## EXERCISE OBJECTIVE
Please, without the pictures, retype exactly the lines from the start of the material through the line that holds "Închiriem un apartament".

## INFORMATION SHOWN
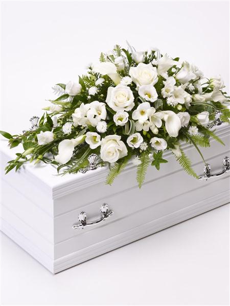 The selection of stunning flowers in snow white shades gives grace and simplicity to this casket spray. The design features calla Lily, sweetly scented freesia, large-headed roses, lisianthus and September flowers, arranged with ruscus, China grass, ferns and ivy trails.
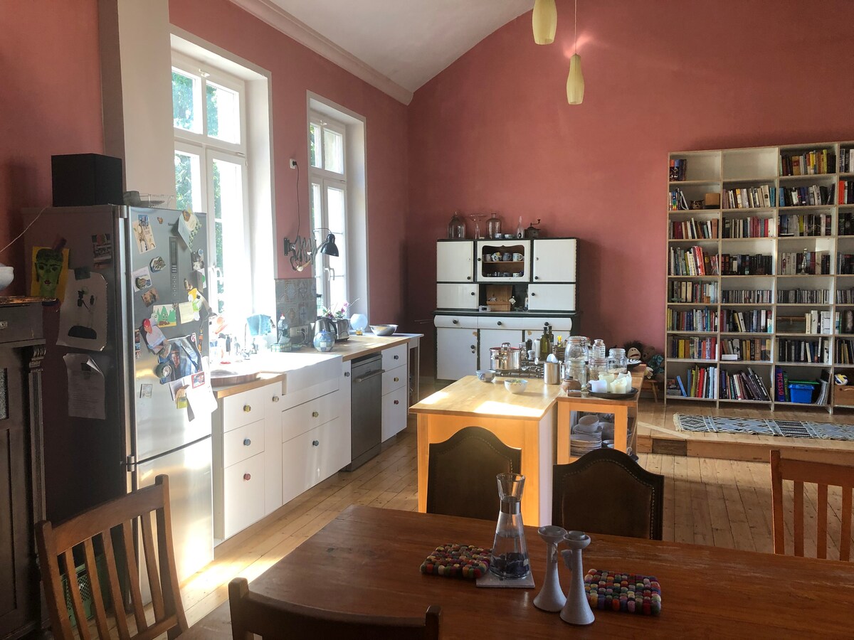 Închiriem un apartament mic în casa noastră de paie din Markkleeberg. Proprietatea este situată în liniște, nu departe de Markkleeberger See. Vei găsi un apartament cu 1 cameră într-o locație liniștită, cu bucătărie proprie și baie mică. Zona exterioară te invită să zăbovești. Între găini şi raţe te poţi relaxa minunat. De asemenea, foarte potrivit pentru copii și familii. Variate destinații excursie în mediul rural posibil. 15 minute de mers cu mașina de centrul Leipzig (masina).
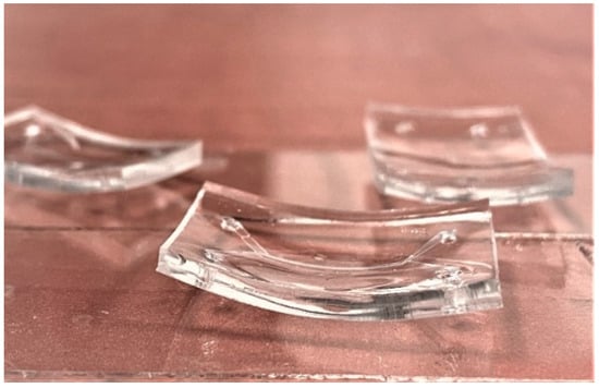 The development of the printed structures in a closed channel using the “ship-in-a-bottle” strategy is the most challenging part of the whole process, because of the limited access of the liquid developer to the channel. The development step removes an unpolymerized substrate, thereby opening the channels completely, i.e., there is no leftover residue material which could block the channels for the cell to be introduced when needed. The organic solvent 4-methyl-2-pentanone gently develops non-polymerized photoresist SZ2080. An alternative solvent, 2-propanol, is a more aggressive option compared to 4-methyl-2-pentanone. Both materials are particularly suitable for open structures, where the liquid has free access from all directions. However, they are not suitable for development in a closed microfluidic channel. Acetone is the most aggressive solution and, therefore, able to develop the rest of the non-polymerized photoresist even with low accessibility. All solvents deform the PDMS body substantially, as noted in [] and shown in Figure 9. The PDMS sample is bent after being introduced to a solvent. This mechanical deformation poses a significant challenge in development. It results in deformation and thereby damage to the printed structures, as exemplified in Figure 10. Luckily, in an open channel, the wire membrane still maintains its functionality and mechanical stability, since one can use the gentler solvent material 4-methyl-2-pentanone.
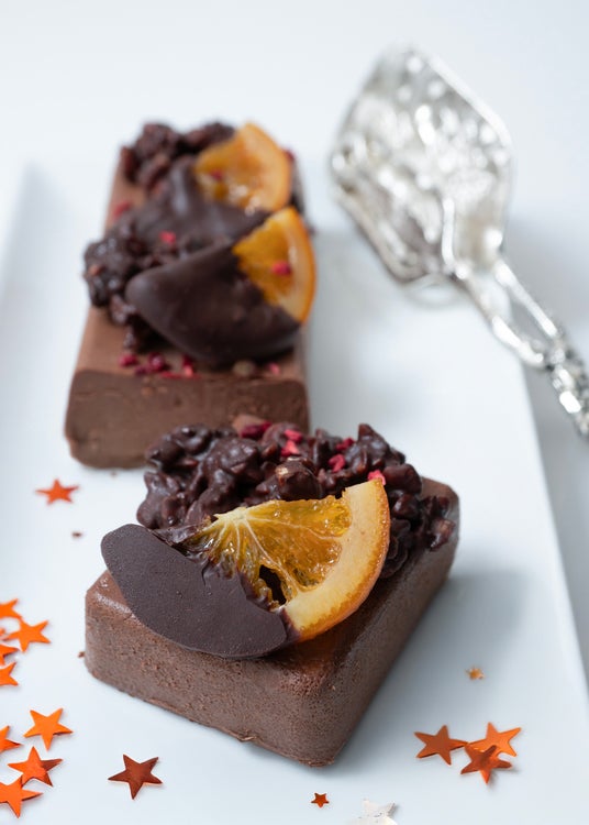 今回のフェアにあわせ、成城石井の自家製商品の製造拠点であるセントラルキッチンのパティシエが腕によりをかけ、新しくデザートを開発しました。テリーヌ部分は、チョコレートの風味をより強く感じていただくために原材料の配合にこだわり、低温域でじっくり湯せん焼きしています。また、クリームチーズを入れることによって、滑らかさとコク、ミルキーな風味をプラスしています。

## EXERCISE RESPONSE
 The selection of stunning flowers in snow white shades gives grace and simplicity to this casket spray. The design features calla Lily, sweetly scented freesia, large-headed roses, lisianthus and September flowers, arranged with ruscus, China grass, ferns and ivy trails.
 Închiriem un apartament mic în casa noastră de paie din Markkleeberg. Proprietatea este situată în liniște, nu departe de Markkleeberger See. Vei găsi un apartament cu 1 cameră într-o locație liniștită, cu bucătărie proprie și baie mică. Zona exterioară te invită să zăbovești. Între găini şi raţe te poţi relaxa minunat. De asemenea, foarte potrivit pentru copii și familii. Variate destinații excursie în mediul rural posibil. 15 minute de mers cu mașina de centrul Leipzig (masina).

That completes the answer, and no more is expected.